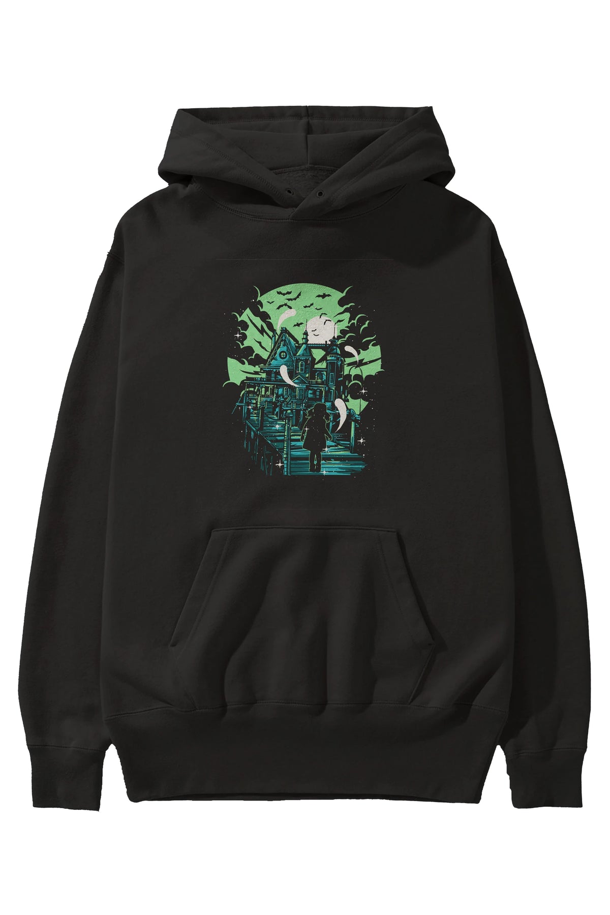 Haunted House Ön Baskılı Hoodie Oversize Kapüşonlu Sweatshirt Erkek Kadın Unisex
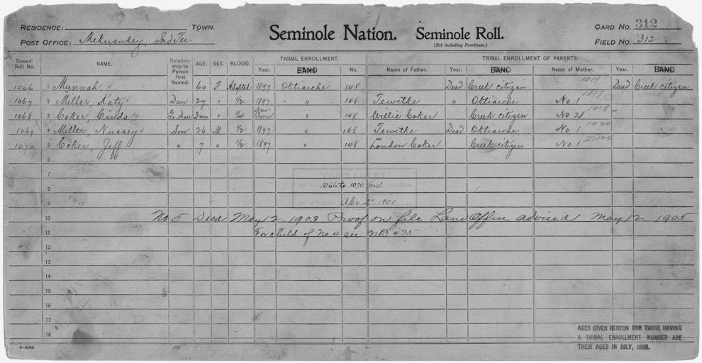 | Keywords: Enrollment for Seminole Census Card 312 - NARA - 267886.jpg Scope and content Name Cinda Coker Type By Blood Age 1 Sex Female Degree Indian Blood 1/4 Roll Number 1068 City of Residence o Name Jeff Coker Type By Blood Age 7 Sex Male Degree Indian Blood 1/2 Roll Number 1070 City of Residence o Name London Coker Type Parent Sex Male City of Residence Creek Name Willie Coker Type Parent Sex Male City of Residence Creek Name Katy Miller Type By Blood Age 27 Sex Female Degree Indian Blood 1/2 Roll Number 1067 City of Residence o Name Nussey Miller Type By Blood Age 26 Sex Male Degree Indian Blood 1/2 Roll Number 1069 City of Residence o Name Munnah Type By Blood Age 60 Sex Female Degree Indian Blood AC Roll Number 1066 City of Residence o Name Tewetke Type Parent Sex Male City of Residence o General notes 267886 Local identifier 75-53A-SEMINOLE 312 Department of the Interior Office of Indian Affairs Office of the Commissioner to the Five Civilized Tribes 1893 - 1914 NARA's Southwest Region Fort Worth NRFA 1400 John Burgess Drive Fort Worth TX 76140 Record group Record Group 75 Records of the Bureau of Indian Affairs 1793 - 1999 Record group ARC 404 Enrollment Cards compiled 1898 - 1914 Series ARC 251747 File unit File unit ARC Variant control numbers NAIL Control Number NRFF-75-53A-28430<br /> NAIL Control Number NRFF-75-53A-28451<br /> NAIL Control Number NRFF-75-53A-28473<br /> NAIL Control Number NRFF-75-53A-28502<br /> NAIL Control Number NRFF-75-53A-42081<br /> NAIL Control Number NRFF-75-53A-42104<br /> NAIL Control Number NRFF-75-53A-42790<br /> NAIL Control Number NRFF-75-53A-48919<br /> NAIL Control Number NRFF-75-53A-SEMINOLE 312 Other versions <gallery> File Enrollment_for_Seminole_Census_Card_312_-_NARA_-_267886 tif tif File Enrollment_for_Seminole_Census_Card_312_-_NARA_-_267886 jpg jpg </gallery> NARA-cooperation PD-USGov Seminole census cards |
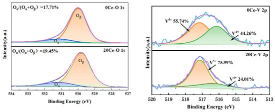 The resolved O 1s and V 2p XPS of the pristine and modified catalysts are depicted in Figure 9. It can be seen that the O 1s spectrum of the two catalysts may be fitted with two peaks positioned around 529.80 eV and 531.23 eV that can, respectively, be attributed to the lattice oxygens (Oβ, oxygen in the crystal lattice) and chemisorbed oxygen (Oα) on the catalyst surface. A quantitative analysis based on the area integration of these peaks revealed 19.45% and 17.71% Oα on the 3V6Mo20CeTiO2 and 3V6MoTiO2 catalysts, respectively. Since chemisorbed oxygen on the catalyst surface exhibited better mobility, higher reactivity, a more significant migration rate, and faster NO oxidation, the higher proportion of Oα in the modified catalyst could be beneficial for the progress of “fast” SCR reactions, leading to superior catalytic performance [26].
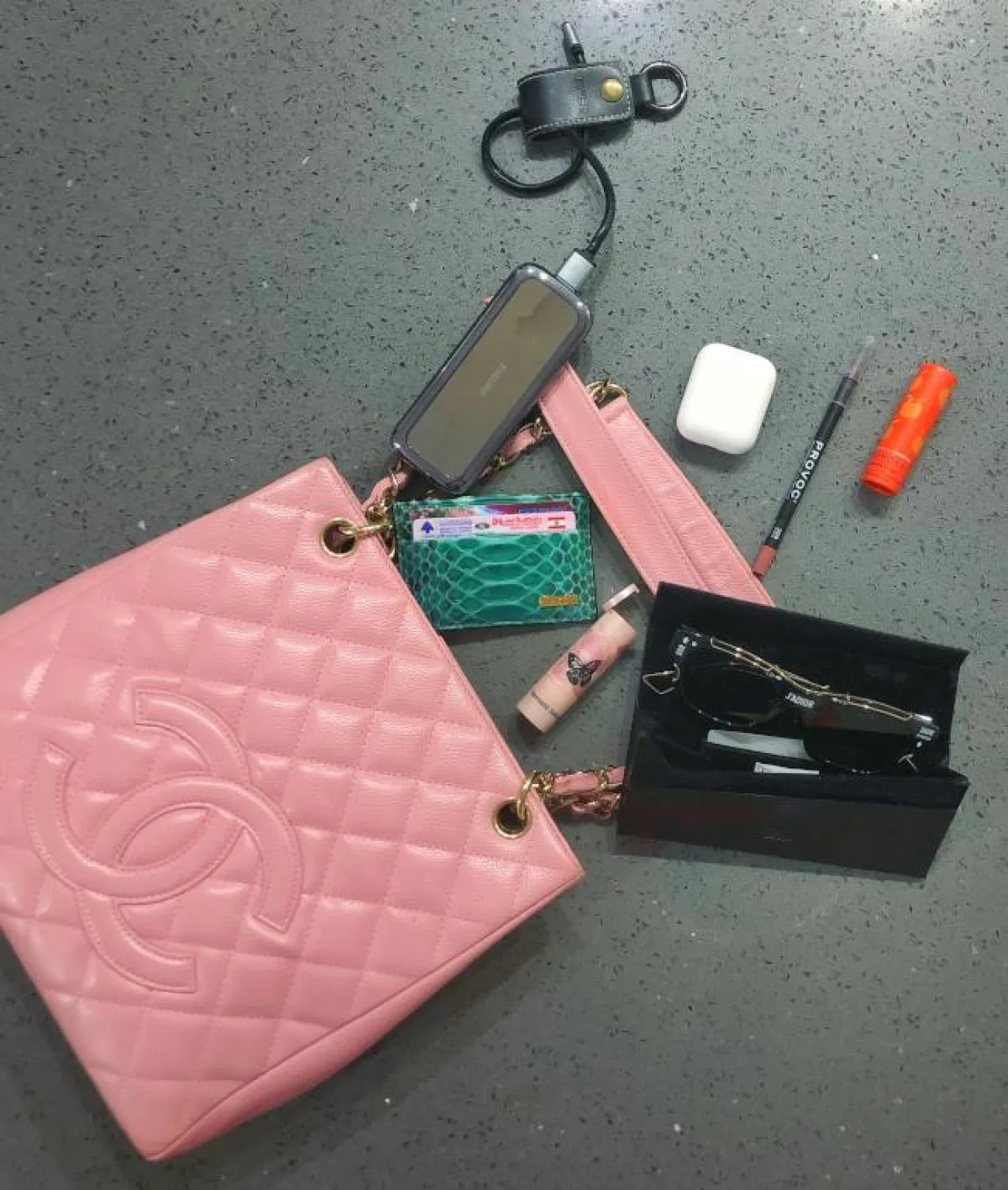 - المحفظة ، Airpods، أحمر الشفاه ، مرطب الشفاه، وشاحن البطارية.
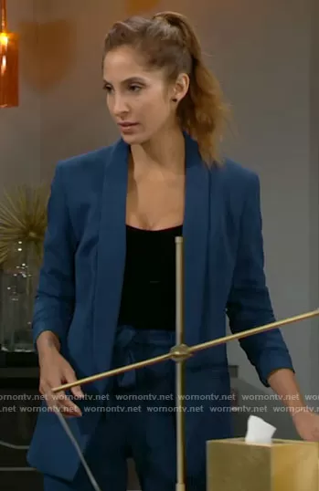 Lily Winters (played by Christel Khalil) on The Young and the Restless on CBS was spotted wearing this teal blue suit on The Young and the Restless on Nov 03 2022's episode. Lily's Jacket is the Shawl Collar Blazer by DKNY . Lily's Pants is the Tie Waist Pants by DKNY.
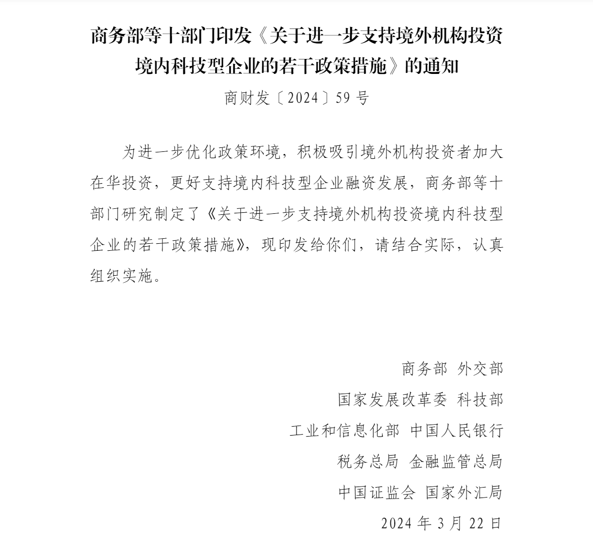 請各有關(guān)部門高度重視、加強配合、整合資源、優(yōu)化服務,做好境外機構(gòu)投資境內(nèi)科技型企業(yè)各項工作,推動形成綜合化科技金融服務體系,營造更加優(yōu)化的政策環(huán)境,更好發(fā)揮金融對科技創(chuàng)新的支持作用,穩(wěn)定投資預期,提振投資信心。
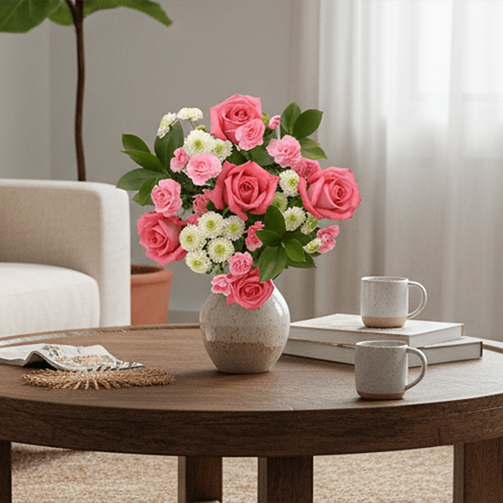 Fall in love with the lovely pink and white petals displayed by our garden-fresh roses, mini carnations, button Pompoms as well as the greenery from our oval ruscus leaves. These rich and regal blooms will make the perfect gift to show your love and appreciation to your mom, partner, relatives, colleagues or even your closest neighbors. If you're hosting a grand event such as weddings or anniversary celebrations, these Valentines Day, bulk honey arrangements, will set the stage for a day of everlasting love.
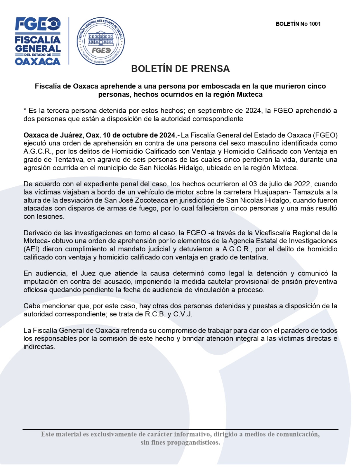 La Fiscalía General de Oaxaca refrenda su compromiso de trabajar para dar con el paradero de todos los responsables por la comisión de este hecho y brindar atención integral a las víctimas directas e indirectas.

____

- Exercise brief: In the entries above, find the line with "- المحفظة ،" and the line with "Lily Winters (played". Return exactly those lines and all the ones between them, pictures excluded.

- Solution for this exercise:
 - المحفظة ، Airpods، أحمر الشفاه ، مرطب الشفاه، وشاحن البطارية.
 Lily Winters (played by Christel Khalil) on The Young and the Restless on CBS was spotted wearing this teal blue suit on The Young and the Restless on Nov 03 2022's episode. Lily's Jacket is the Shawl Collar Blazer by DKNY . Lily's Pants is the Tie Waist Pants by DKNY.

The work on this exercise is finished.